I love Lent. In an age of diets, work-outs, 40-hour famines for the Third World and the like we are rediscovering the ancient wisdom of fasting.

In an era of staff retreats, transcendental meditation techniques, the search for oases of peace amidst the bustle of work and commerce, the hunger for prayer is more acute than ever.

At a time of concerts for the victims of earthquakes, tsunami telethons, redistributive taxation and millennium development goals, we are more able and maybe more ready to engage in almsgiving.

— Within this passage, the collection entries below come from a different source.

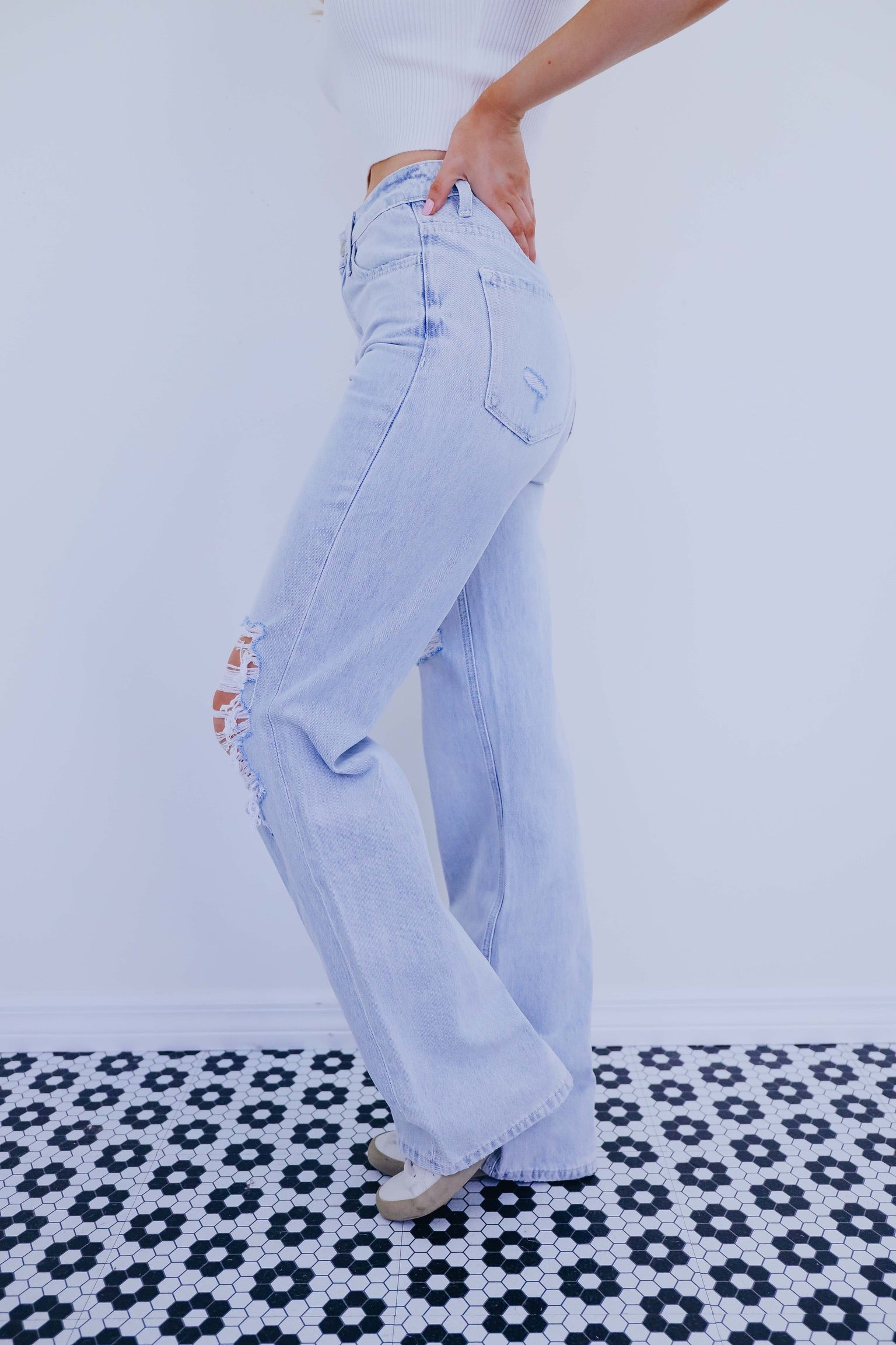 - Features include a light wash denim with destroyed knees, a super high waist, a button and zip closure, five pocket design, and a flare hem. These jeans have no stretch.
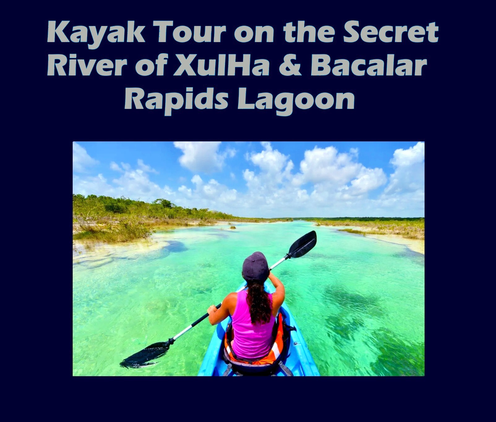 Discover on this tour a Secret River, surrounded by nature and jungle where we will take a kayak tour where if we are lucky we will be able to observe some wild animals such as monkeys, armadillos, coatis, turkeys, agoutis in their natural habitat, later we will navigate the Bacalar Rapids where we will be able to enjoy the incredible landscapes that it offers, its crystalline waters form a great tonality of colors and we will be able to observe some fish and the famous stromatolites, later we will have a regional breakfast and visit the Cenote Azul, an attraction that you cannot miss..
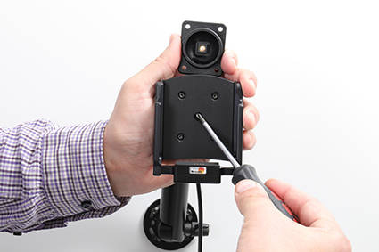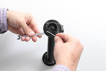 3. Umieść uchwyt na płytce montażowej głowicy obrotowej w taki sposób, aby można było dokręcić śrubę znajdującą się w centralnej części uchwytu. Śrubę należy dokręcić dość mocno, a następnie lekko poluzować, aby możliwa była regulacja uchwytu.
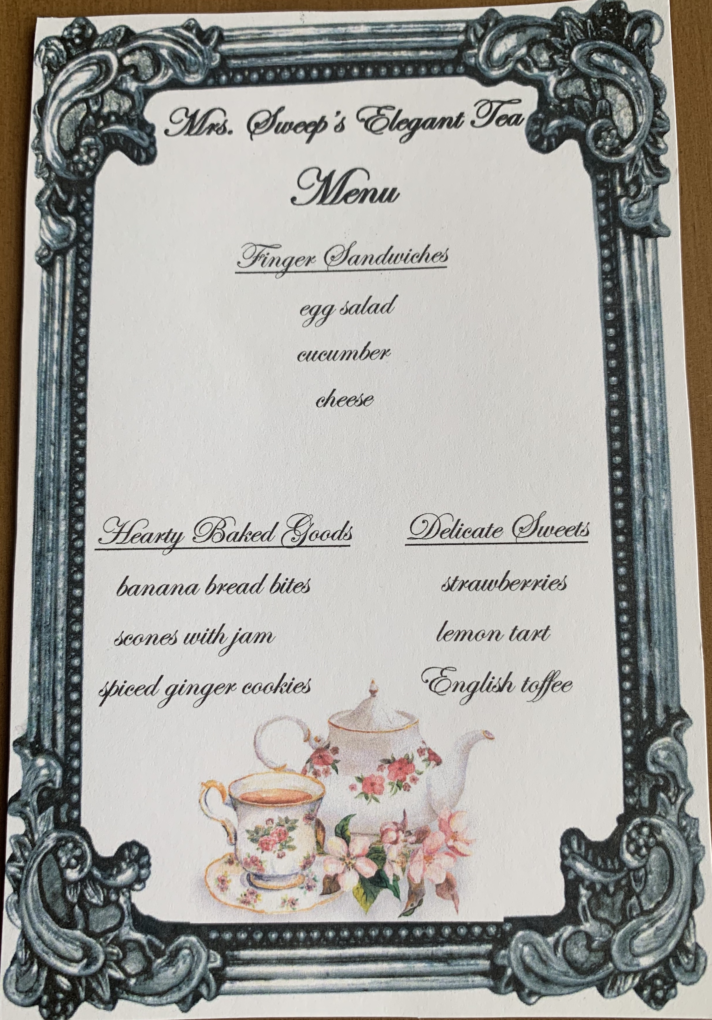 Prior to this event, we collected vintage table setting items that belonged to women with an historical connection to Aurora County. One unique aspect of this tea program is that every cup and saucer can be traced to a specific woman who had at one time lived in the county. We all enjoyed a marvelous afternoon!

Lent affirms these things, invites us to examine their ultimate purpose, helps purify us of the self-satisfaction that can creep in when we are doing good.I’ve heard it said that Christians are an Easter people. I would say a resounding ‘yes’ to that, a ‘yes but’. We are an Easter people, but also a Lent people (and a Christmas people, an ordinary time people, an Advent people …).Some voices in contemporary culture – even some ‘spiritualities’ – emphasise prosperity, consumption, security, comfort, good times. Of course we all want these.

Jesus was no wowser: in fact he loved to party. But he also had plenty to say about fasting and self-denial (e.g. Mk 2:18-21; 9:29; Mt 4:2; 6:16-18; Lk 18:9-14).His life, like ours, was not one-dimensional. It wasn’t all highs. Through Lent and Easter – which together make up the Paschal season – we explore with his first disciples the mystery of his identity and ours, the mysterious connection between life and death, suffering and hope, Cross and Resurrection. There’s no receiving without giving, no finding without asking, no feasting without fasting.

To my new friends, the people of the Diocese of Parramatta: I promise to fast, pray and give alms for you this Lent. I ask you to do this too, in part for me, that I might be a good shepherd for Western Sydney. God bless you in this special season.